Sequence analysis and phylogenetic analysis
A phylogenetic tree was constructed based on the partial nucleotide sequences of pyrG (675 bp) and ospA (285 bp) segments obtained from Borrelia-positive tissue specimens and various Borrelia strains, such as B. afzelii HLJ01, B. garinii SCCH-7, and B. burgdorferi B31, among others, from GenBank. The phylogenetic trees generated using the pyrG and ospA gene sequences exhibited similar topologies. All pyrG sequences obtained from the heart, kidneys, spleen, and lungs of the wild rodents (M10-3, M10-5, M10-11, M11-1, M11-6, M11-13, and M11-15) clustered with B. afzelii. Additionally, the pyrG sequences from the spleen of M10-11 (Chosun M10-11Sp) formed a cluster with B. garinii, whereas the pyrG sequences from the spleen of another wild rodent (Chosun M10-8 Sp) formed a cluster with B. burgdorferi sensu stricto (Fig. 1).
Figure 1.
A phylogenetic tree constructed using the pyrG (A, 675 bp) and ospA (B, 285 bp) sequences retrieved from GenBank and obtained from the tissue DNA of the wild rodents captured (▶). The scale bars indicate 0.02 (A) or 0.01 (B) base substitutions per site. The GenBank accession numbers are shown in the tree.

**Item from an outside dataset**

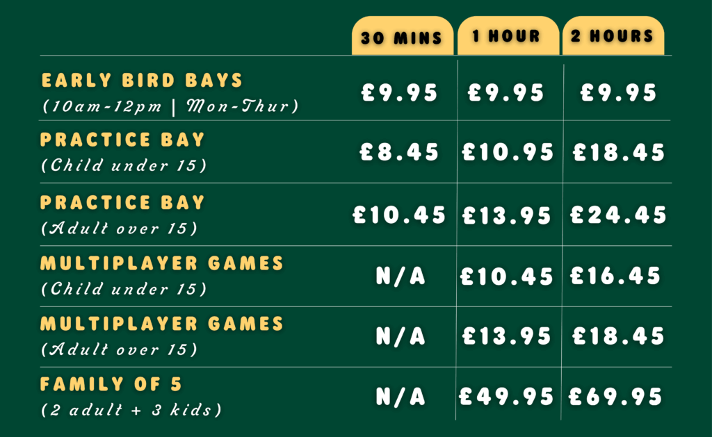 Great value for money, friendly staff and helpful. Loads of free parking, food and drink available. Fantastic screens to show your shot with distance

We evaluated the similarities between Borrelia pyrG (675 bp) and ospA (285 bp) nucleotide sequences obtained from GenBank and Borrelia-positive tissue specimens using LaserGene v6 (DNASTAR, Madison, WI, USA). Sequence similarity comparison showed that the pyrG sequences obtained from the organs of wild rodents (Chosun M10-3H, M10-5H, M10-11H and 10-11Lu, M11-1H and 11-1K, M11-6H and 11-6Sp, M11-13H and 11-13Sp, and M11-15H) exhibited more than 99% similarity with the pyrG sequences from B. afzelii HLJ01 strains isolated from Chinese patients (GenBank accession number CP003882). Moreover, B. garinii DNA isolated from the spleen of M10-11 (Chosun M10-11 Sp) exhibited more than 98.4% homology with the pyrG gene sequence of B. garinii strain SCCH-7 isolated from rodents in the USA (GenBank accession number KP795356). Lastly, the pyrG DNA of B. burgdorferi sensu stricto isolated from the spleen of M10-8 (Chosun M10-8 Sp) showed 100% and 99.4% similarity to that of B. burgdorferi sensu stricto B31_NRZ strain isolated from I. scapularis (GenBank accession number AE000783) and of B. burgdorferi sensu stricto 297 strain isolated from human cerebrospinal fluid in the USA (GenBank accession number KF170281), respectively (Table 2).
Table 2.
Similarity between Borrelia pyrG gene sequences from GenBank and the wild rodents captured in this study†.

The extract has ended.